I had texted to tell him I was running late, because my roof decided to pour remaining rain water into my kitchen. The maintenance guy took forever to examine the crack in my ceiling, but how fucking long does it take to look at the ceiling and notice the crack in the ceiling? Why do you need a flashlight to look at it, sir? Why do you need to peel back the paint to further investigate? JUST GO TO THE DAMN ROOF AND FIND THE CULPRIT LEAK POINT. AM I BEING COMPLETELY IRRATIONAL HERE?

Sorry. Back to the story. I tell him I’m running late. No response. Fine.

I get to the apartment, text him again. No response.
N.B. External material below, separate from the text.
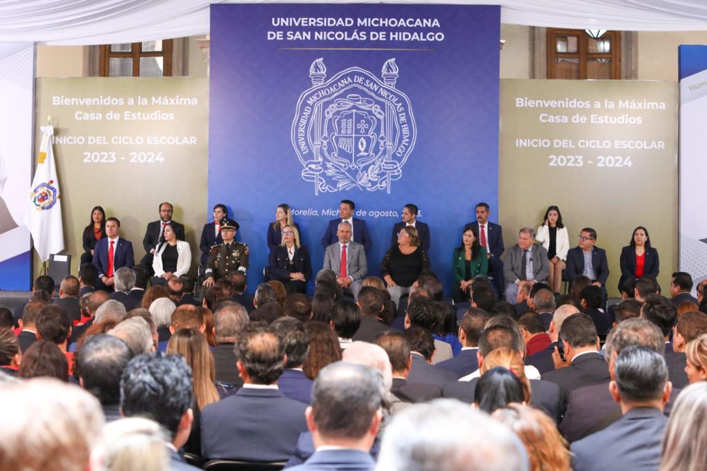 Morelia, Michoacán, a 14 de agosto de 2023.- “La Universidad requiere una sacudida, una actualización en favor de los jóvenes que tenemos aquí, no de nuestras carreras, ni de nuestras aspiraciones políticas o académicas, o de nuestros egos de academia, sino nos debemos básicamente a los jóvenes de Michoacán, por eso estamos totalmente impulsando y respaldando el cambio que está haciendo la doctora Yarabí”, afirmó el gobernador, Alfredo Ramírez Bedolla, al encabezar con la rectora Yarabí Ávila González, el arranque del ciclo escolar 2023-2024.

It’s getting cold (by Southern California standards, this means the low 60s), so I walk over to my car and sit inside. This is when that feeling of embarrassment starts taking over. Who the fuck does this guy think he is? Why the hell did I waste my time coming here? Why did I have to look so damn cute for NOBODY?

No. Words.

I waited twenty minutes and heard nothing. I peeled out of there, absolutely mortified.

The thing is, when I didn’t hear from him at all that night or even the next morning, I became concerned. As I mentally scrolled through the different tragedies that could have occurred to that boy, I remember jokingly telling myself, “He probably got trashed.”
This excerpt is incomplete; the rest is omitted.